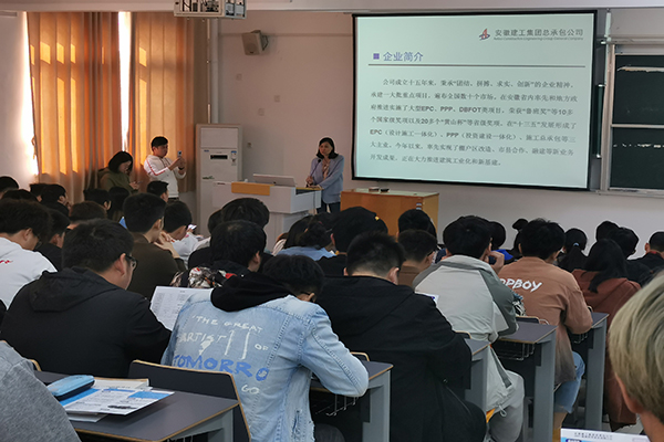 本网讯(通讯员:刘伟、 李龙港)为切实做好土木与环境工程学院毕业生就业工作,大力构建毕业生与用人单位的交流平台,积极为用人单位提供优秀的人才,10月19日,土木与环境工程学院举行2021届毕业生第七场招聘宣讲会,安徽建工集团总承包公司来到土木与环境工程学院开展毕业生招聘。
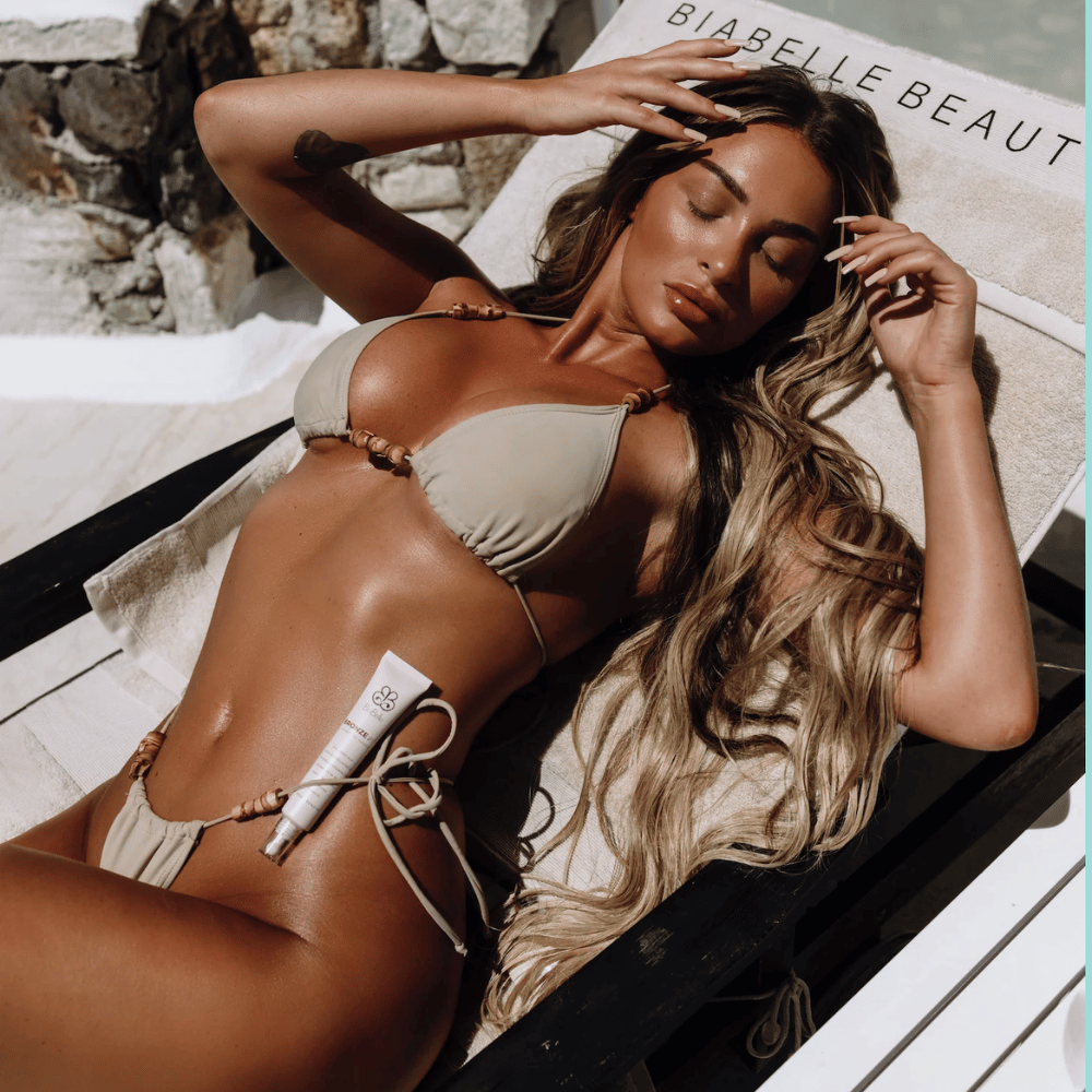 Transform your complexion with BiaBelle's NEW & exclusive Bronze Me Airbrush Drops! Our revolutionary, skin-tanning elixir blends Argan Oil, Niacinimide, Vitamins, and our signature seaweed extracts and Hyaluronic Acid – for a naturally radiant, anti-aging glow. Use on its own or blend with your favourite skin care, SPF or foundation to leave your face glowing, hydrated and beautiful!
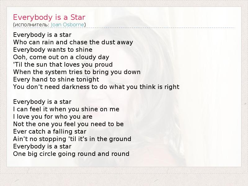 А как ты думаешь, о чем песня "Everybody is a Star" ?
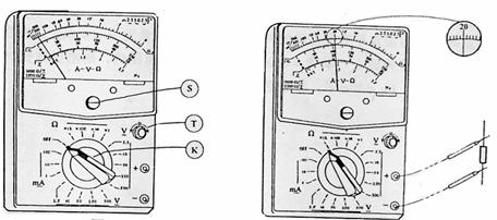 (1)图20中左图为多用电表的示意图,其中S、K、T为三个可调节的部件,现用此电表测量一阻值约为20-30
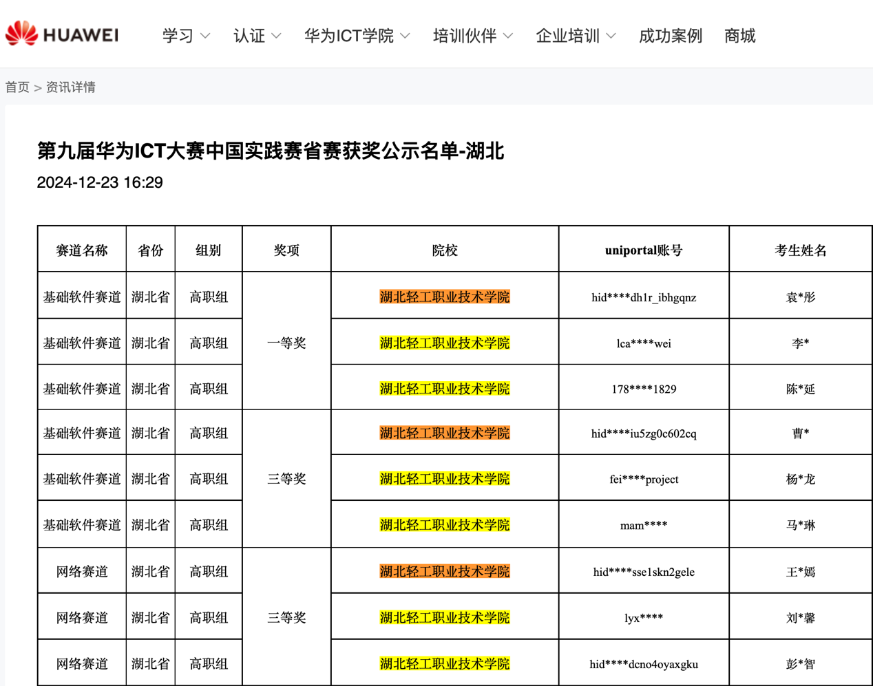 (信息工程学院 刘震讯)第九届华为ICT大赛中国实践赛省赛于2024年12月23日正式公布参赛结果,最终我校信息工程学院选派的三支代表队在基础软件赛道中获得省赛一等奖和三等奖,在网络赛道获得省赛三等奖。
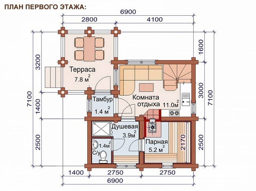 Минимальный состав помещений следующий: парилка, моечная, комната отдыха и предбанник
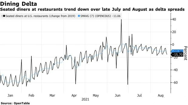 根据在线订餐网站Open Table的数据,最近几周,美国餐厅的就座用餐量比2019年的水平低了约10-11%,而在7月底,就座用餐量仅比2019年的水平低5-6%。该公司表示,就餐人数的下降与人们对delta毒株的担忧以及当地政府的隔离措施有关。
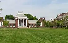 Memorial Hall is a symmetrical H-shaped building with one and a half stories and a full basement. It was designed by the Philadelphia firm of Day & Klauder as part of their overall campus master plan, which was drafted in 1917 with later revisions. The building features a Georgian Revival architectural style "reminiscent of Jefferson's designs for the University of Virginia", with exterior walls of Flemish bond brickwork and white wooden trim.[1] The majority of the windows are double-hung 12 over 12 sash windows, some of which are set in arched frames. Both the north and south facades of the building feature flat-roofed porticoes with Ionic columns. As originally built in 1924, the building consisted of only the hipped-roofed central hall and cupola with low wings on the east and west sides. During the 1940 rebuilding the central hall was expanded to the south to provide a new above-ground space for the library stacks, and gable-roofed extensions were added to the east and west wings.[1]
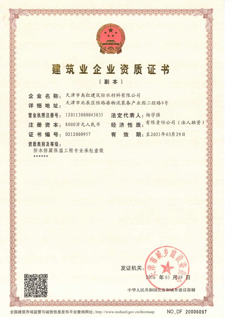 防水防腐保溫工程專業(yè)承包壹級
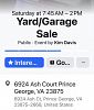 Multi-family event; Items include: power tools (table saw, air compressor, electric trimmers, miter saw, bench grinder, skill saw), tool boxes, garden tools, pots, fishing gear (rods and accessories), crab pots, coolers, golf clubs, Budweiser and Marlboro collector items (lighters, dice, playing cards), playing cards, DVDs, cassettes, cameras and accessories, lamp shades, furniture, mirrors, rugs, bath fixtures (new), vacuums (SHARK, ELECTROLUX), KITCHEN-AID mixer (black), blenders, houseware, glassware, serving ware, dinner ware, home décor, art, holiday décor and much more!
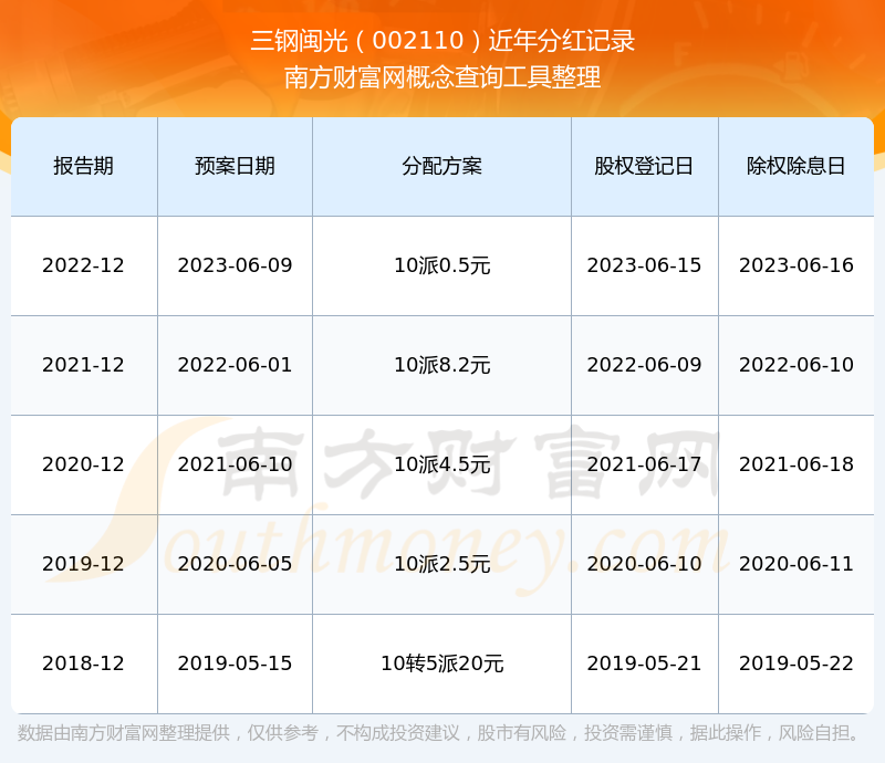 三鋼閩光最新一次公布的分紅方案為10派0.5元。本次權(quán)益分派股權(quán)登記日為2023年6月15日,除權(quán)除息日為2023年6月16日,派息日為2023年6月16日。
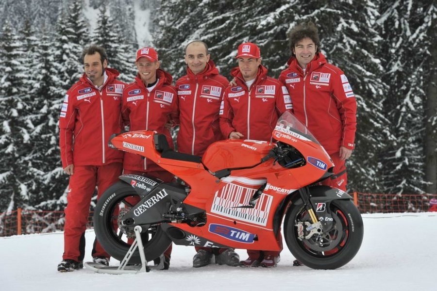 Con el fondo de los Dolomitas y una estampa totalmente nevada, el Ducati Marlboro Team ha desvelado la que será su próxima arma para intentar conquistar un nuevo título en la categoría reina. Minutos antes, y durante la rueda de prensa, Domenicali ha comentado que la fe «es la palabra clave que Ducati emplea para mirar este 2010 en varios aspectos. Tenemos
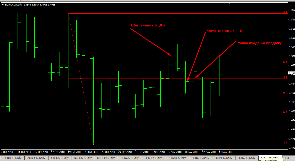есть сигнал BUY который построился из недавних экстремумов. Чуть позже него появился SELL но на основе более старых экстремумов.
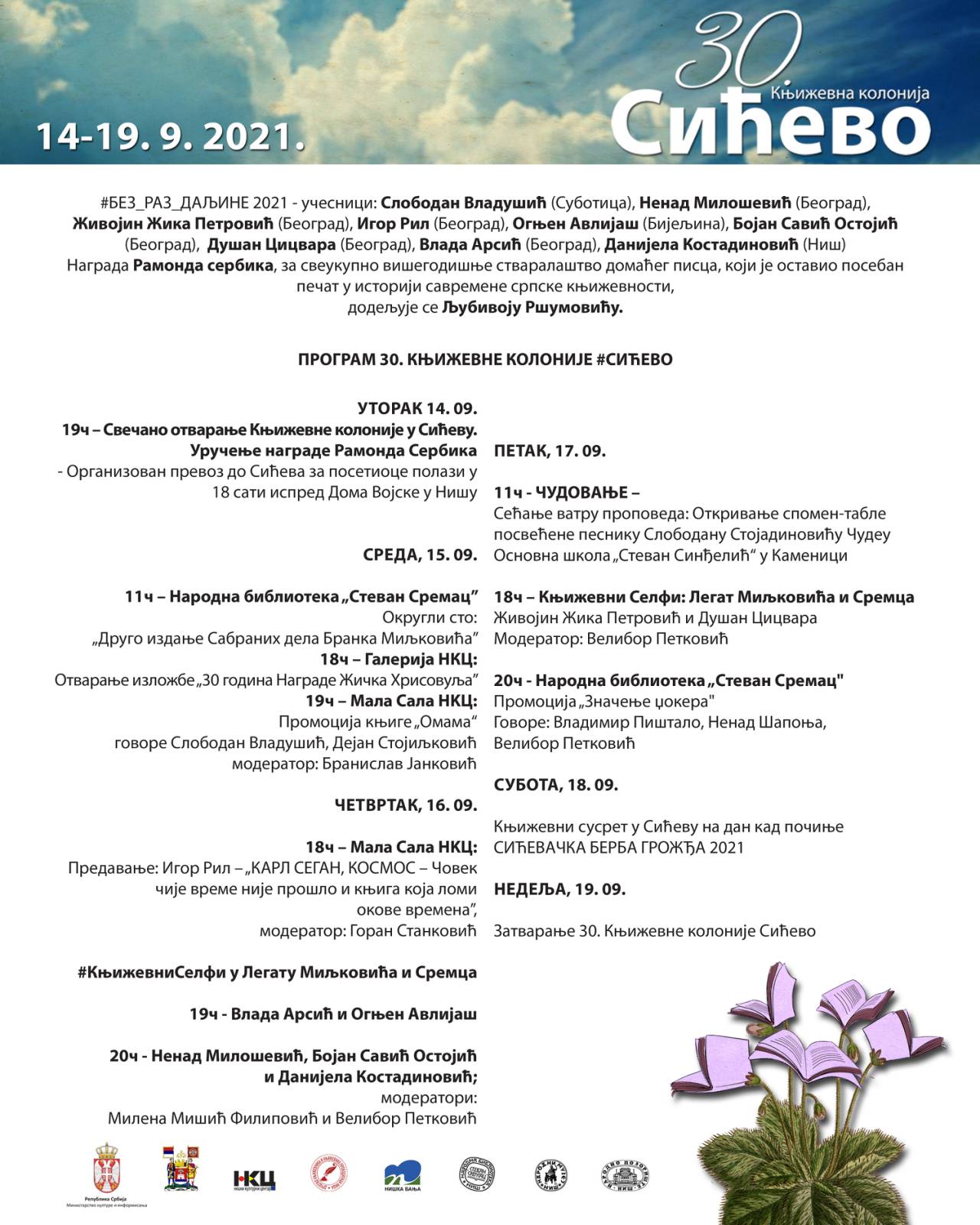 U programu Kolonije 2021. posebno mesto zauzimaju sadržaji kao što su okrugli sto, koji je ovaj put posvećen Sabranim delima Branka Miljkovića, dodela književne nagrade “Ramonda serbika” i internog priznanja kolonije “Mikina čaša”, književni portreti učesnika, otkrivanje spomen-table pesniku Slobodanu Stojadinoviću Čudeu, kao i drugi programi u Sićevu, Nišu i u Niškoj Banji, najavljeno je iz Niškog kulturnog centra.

* * * * * * * * *

Your assignment → Pictures must be left out when the records are transcribed exactly.

Exercise result →
 本网讯(通讯员:刘伟、 李龙港)为切实做好土木与环境工程学院毕业生就业工作,大力构建毕业生与用人单位的交流平台,积极为用人单位提供优秀的人才,10月19日,土木与环境工程学院举行2021届毕业生第七场招聘宣讲会,安徽建工集团总承包公司来到土木与环境工程学院开展毕业生招聘。
 Transform your complexion with BiaBelle's NEW & exclusive Bronze Me Airbrush Drops! Our revolutionary, skin-tanning elixir blends Argan Oil, Niacinimide, Vitamins, and our signature seaweed extracts and Hyaluronic Acid – for a naturally radiant, anti-aging glow. Use on its own or blend with your favourite skin care, SPF or foundation to leave your face glowing, hydrated and beautiful!
 А как ты думаешь, о чем песня "Everybody is a Star" ?
 (1)图20中左图为多用电表的示意图,其中S、K、T为三个可调节的部件,现用此电表测量一阻值约为20-30
 (信息工程学院 刘震讯)第九届华为ICT大赛中国实践赛省赛于2024年12月23日正式公布参赛结果,最终我校信息工程学院选派的三支代表队在基础软件赛道中获得省赛一等奖和三等奖,在网络赛道获得省赛三等奖。
 Минимальный состав помещений следующий: парилка, моечная, комната отдыха и предбанник
 根据在线订餐网站Open Table的数据,最近几周,美国餐厅的就座用餐量比2019年的水平低了约10-11%,而在7月底,就座用餐量仅比2019年的水平低5-6%。该公司表示,就餐人数的下降与人们对delta毒株的担忧以及当地政府的隔离措施有关。
 Memorial Hall is a symmetrical H-shaped building with one and a half stories and a full basement. It was designed by the Philadelphia firm of Day & Klauder as part of their overall campus master plan, which was drafted in 1917 with later revisions. The building features a Georgian Revival architectural style "reminiscent of Jefferson's designs for the University of Virginia", with exterior walls of Flemish bond brickwork and white wooden trim.[1] The majority of the windows are double-hung 12 over 12 sash windows, some of which are set in arched frames. Both the north and south facades of the building feature flat-roofed porticoes with Ionic columns. As originally built in 1924, the building consisted of only the hipped-roofed central hall and cupola with low wings on the east and west sides. During the 1940 rebuilding the central hall was expanded to the south to provide a new above-ground space for the library stacks, and gable-roofed extensions were added to the east and west wings.[1]
 防水防腐保溫工程專業(yè)承包壹級
 Multi-family event; Items include: power tools (table saw, air compressor, electric trimmers, miter saw, bench grinder, skill saw), tool boxes, garden tools, pots, fishing gear (rods and accessories), crab pots, coolers, golf clubs, Budweiser and Marlboro collector items (lighters, dice, playing cards), playing cards, DVDs, cassettes, cameras and accessories, lamp shades, furniture, mirrors, rugs, bath fixtures (new), vacuums (SHARK, ELECTROLUX), KITCHEN-AID mixer (black), blenders, houseware, glassware, serving ware, dinner ware, home décor, art, holiday décor and much more!
 三鋼閩光最新一次公布的分紅方案為10派0.5元。本次權(quán)益分派股權(quán)登記日為2023年6月15日,除權(quán)除息日為2023年6月16日,派息日為2023年6月16日。
 Con el fondo de los Dolomitas y una estampa totalmente nevada, el Ducati Marlboro Team ha desvelado la que será su próxima arma para intentar conquistar un nuevo título en la categoría reina. Minutos antes, y durante la rueda de prensa, Domenicali ha comentado que la fe «es la palabra clave que Ducati emplea para mirar este 2010 en varios aspectos. Tenemos
есть сигнал BUY который построился из недавних экстремумов. Чуть позже него появился SELL но на основе более старых экстремумов.
 U programu Kolonije 2021. posebno mesto zauzimaju sadržaji kao što su okrugli sto, koji je ovaj put posvećen Sabranim delima Branka Miljkovića, dodela književne nagrade “Ramonda serbika” i internog priznanja kolonije “Mikina čaša”, književni portreti učesnika, otkrivanje spomen-table pesniku Slobodanu Stojadinoviću Čudeu, kao i drugi programi u Sićevu, Nišu i u Niškoj Banji, najavljeno je iz Niškog kulturnog centra.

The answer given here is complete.